---------- Entries provided ----------

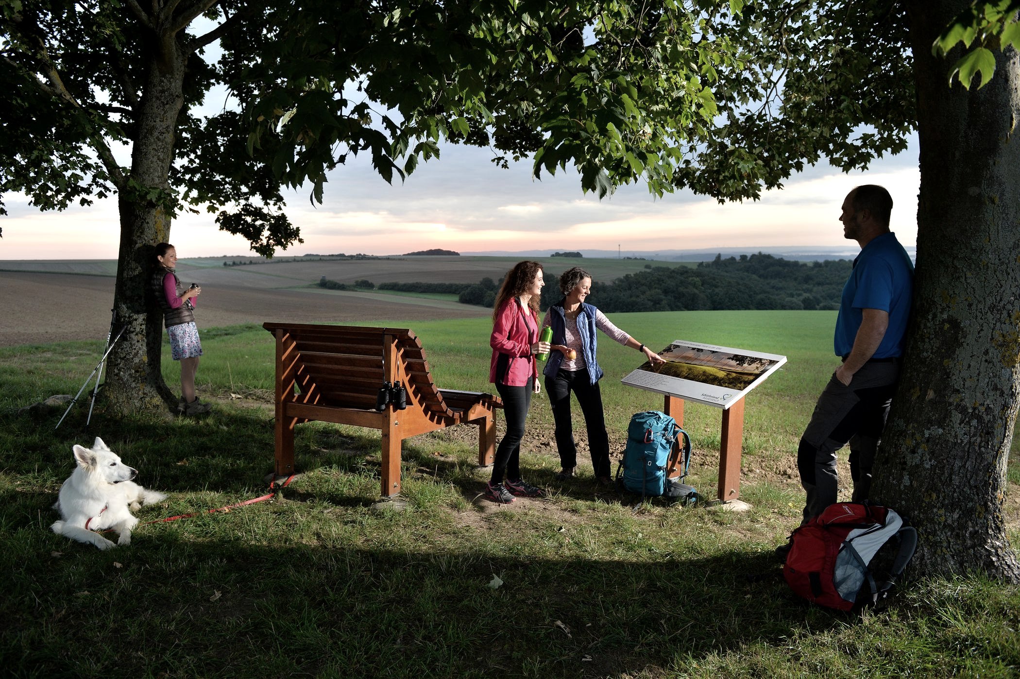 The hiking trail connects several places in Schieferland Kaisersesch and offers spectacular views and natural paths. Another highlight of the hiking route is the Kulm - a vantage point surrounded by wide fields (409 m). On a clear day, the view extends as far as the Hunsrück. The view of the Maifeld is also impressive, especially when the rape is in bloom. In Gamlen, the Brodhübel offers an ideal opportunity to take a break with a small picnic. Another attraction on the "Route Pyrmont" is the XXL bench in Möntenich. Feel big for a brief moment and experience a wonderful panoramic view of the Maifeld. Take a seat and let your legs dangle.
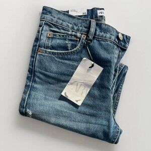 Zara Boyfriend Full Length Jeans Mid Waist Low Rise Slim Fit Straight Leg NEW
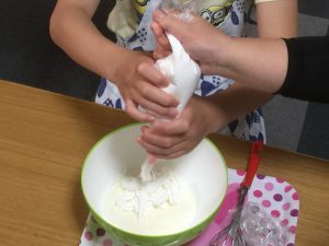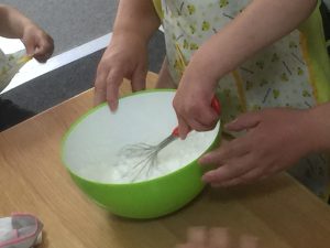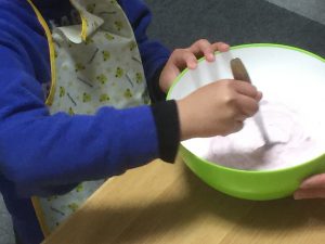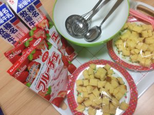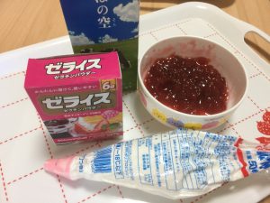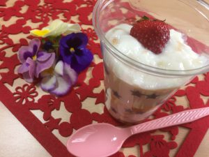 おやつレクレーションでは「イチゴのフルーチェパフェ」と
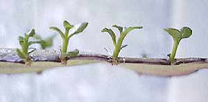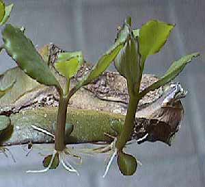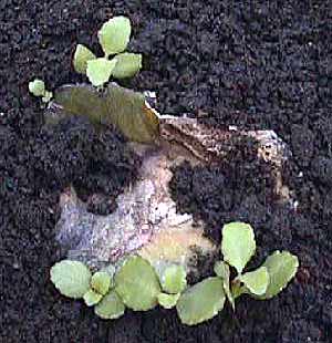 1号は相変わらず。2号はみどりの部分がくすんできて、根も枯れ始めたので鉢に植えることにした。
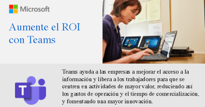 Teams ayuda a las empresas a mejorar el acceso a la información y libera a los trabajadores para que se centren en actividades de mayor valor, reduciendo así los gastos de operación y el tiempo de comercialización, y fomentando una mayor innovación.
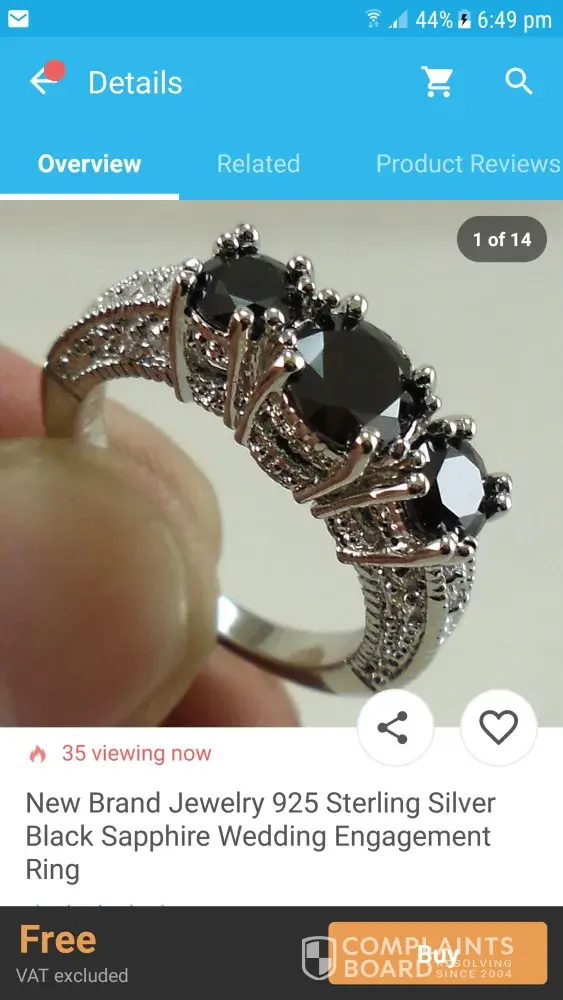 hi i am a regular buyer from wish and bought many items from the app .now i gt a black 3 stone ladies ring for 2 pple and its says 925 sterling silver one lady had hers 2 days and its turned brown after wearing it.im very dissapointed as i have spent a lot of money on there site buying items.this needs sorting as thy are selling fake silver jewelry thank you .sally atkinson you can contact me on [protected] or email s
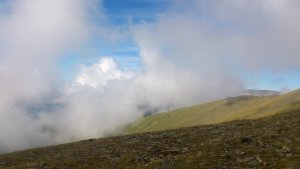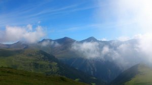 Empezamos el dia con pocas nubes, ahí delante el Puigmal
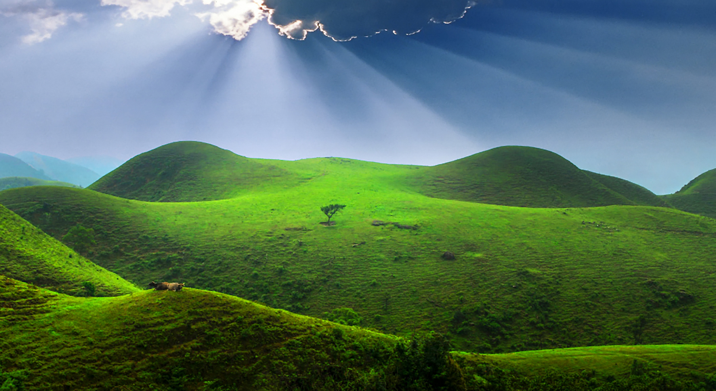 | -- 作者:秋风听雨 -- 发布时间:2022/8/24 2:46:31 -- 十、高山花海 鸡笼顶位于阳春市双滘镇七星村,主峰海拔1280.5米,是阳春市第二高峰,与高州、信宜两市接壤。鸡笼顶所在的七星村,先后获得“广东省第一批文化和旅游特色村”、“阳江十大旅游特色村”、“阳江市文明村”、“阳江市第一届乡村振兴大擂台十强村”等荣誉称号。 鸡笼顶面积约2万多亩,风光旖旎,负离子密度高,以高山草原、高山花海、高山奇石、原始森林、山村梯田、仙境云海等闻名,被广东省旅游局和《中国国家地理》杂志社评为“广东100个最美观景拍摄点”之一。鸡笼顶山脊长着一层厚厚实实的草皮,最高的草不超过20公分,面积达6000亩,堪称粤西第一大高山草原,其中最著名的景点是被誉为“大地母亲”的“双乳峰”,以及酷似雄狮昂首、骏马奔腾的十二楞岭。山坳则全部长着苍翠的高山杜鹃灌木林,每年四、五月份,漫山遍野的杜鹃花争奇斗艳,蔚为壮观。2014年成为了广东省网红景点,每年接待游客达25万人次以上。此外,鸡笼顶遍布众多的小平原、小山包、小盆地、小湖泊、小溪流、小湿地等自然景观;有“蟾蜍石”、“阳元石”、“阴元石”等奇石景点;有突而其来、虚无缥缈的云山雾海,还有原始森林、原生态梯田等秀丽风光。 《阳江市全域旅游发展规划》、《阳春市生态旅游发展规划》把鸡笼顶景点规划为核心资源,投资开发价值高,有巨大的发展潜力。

----------

Your assignment
Without including any picture, repeat the data exactly.

Exercise solution
 The hiking trail connects several places in Schieferland Kaisersesch and offers spectacular views and natural paths. Another highlight of the hiking route is the Kulm - a vantage point surrounded by wide fields (409 m). On a clear day, the view extends as far as the Hunsrück. The view of the Maifeld is also impressive, especially when the rape is in bloom. In Gamlen, the Brodhübel offers an ideal opportunity to take a break with a small picnic. Another attraction on the "Route Pyrmont" is the XXL bench in Möntenich. Feel big for a brief moment and experience a wonderful panoramic view of the Maifeld. Take a seat and let your legs dangle.
 Zara Boyfriend Full Length Jeans Mid Waist Low Rise Slim Fit Straight Leg NEW
 おやつレクレーションでは「イチゴのフルーチェパフェ」と
 1号は相変わらず。2号はみどりの部分がくすんできて、根も枯れ始めたので鉢に植えることにした。
 Teams ayuda a las empresas a mejorar el acceso a la información y libera a los trabajadores para que se centren en actividades de mayor valor, reduciendo así los gastos de operación y el tiempo de comercialización, y fomentando una mayor innovación.
 hi i am a regular buyer from wish and bought many items from the app .now i gt a black 3 stone ladies ring for 2 pple and its says 925 sterling silver one lady had hers 2 days and its turned brown after wearing it.im very dissapointed as i have spent a lot of money on there site buying items.this needs sorting as thy are selling fake silver jewelry thank you .sally atkinson you can contact me on [protected] or email s
 Empezamos el dia con pocas nubes, ahí delante el Puigmal
 | -- 作者:秋风听雨 -- 发布时间:2022/8/24 2:46:31 -- 十、高山花海 鸡笼顶位于阳春市双滘镇七星村,主峰海拔1280.5米,是阳春市第二高峰,与高州、信宜两市接壤。鸡笼顶所在的七星村,先后获得“广东省第一批文化和旅游特色村”、“阳江十大旅游特色村”、“阳江市文明村”、“阳江市第一届乡村振兴大擂台十强村”等荣誉称号。 鸡笼顶面积约2万多亩,风光旖旎,负离子密度高,以高山草原、高山花海、高山奇石、原始森林、山村梯田、仙境云海等闻名,被广东省旅游局和《中国国家地理》杂志社评为“广东100个最美观景拍摄点”之一。鸡笼顶山脊长着一层厚厚实实的草皮,最高的草不超过20公分,面积达6000亩,堪称粤西第一大高山草原,其中最著名的景点是被誉为“大地母亲”的“双乳峰”,以及酷似雄狮昂首、骏马奔腾的十二楞岭。山坳则全部长着苍翠的高山杜鹃灌木林,每年四、五月份,漫山遍野的杜鹃花争奇斗艳,蔚为壮观。2014年成为了广东省网红景点,每年接待游客达25万人次以上。此外,鸡笼顶遍布众多的小平原、小山包、小盆地、小湖泊、小溪流、小湿地等自然景观;有“蟾蜍石”、“阳元石”、“阴元石”等奇石景点;有突而其来、虚无缥缈的云山雾海,还有原始森林、原生态梯田等秀丽风光。 《阳江市全域旅游发展规划》、《阳春市生态旅游发展规划》把鸡笼顶景点规划为核心资源,投资开发价值高,有巨大的发展潜力。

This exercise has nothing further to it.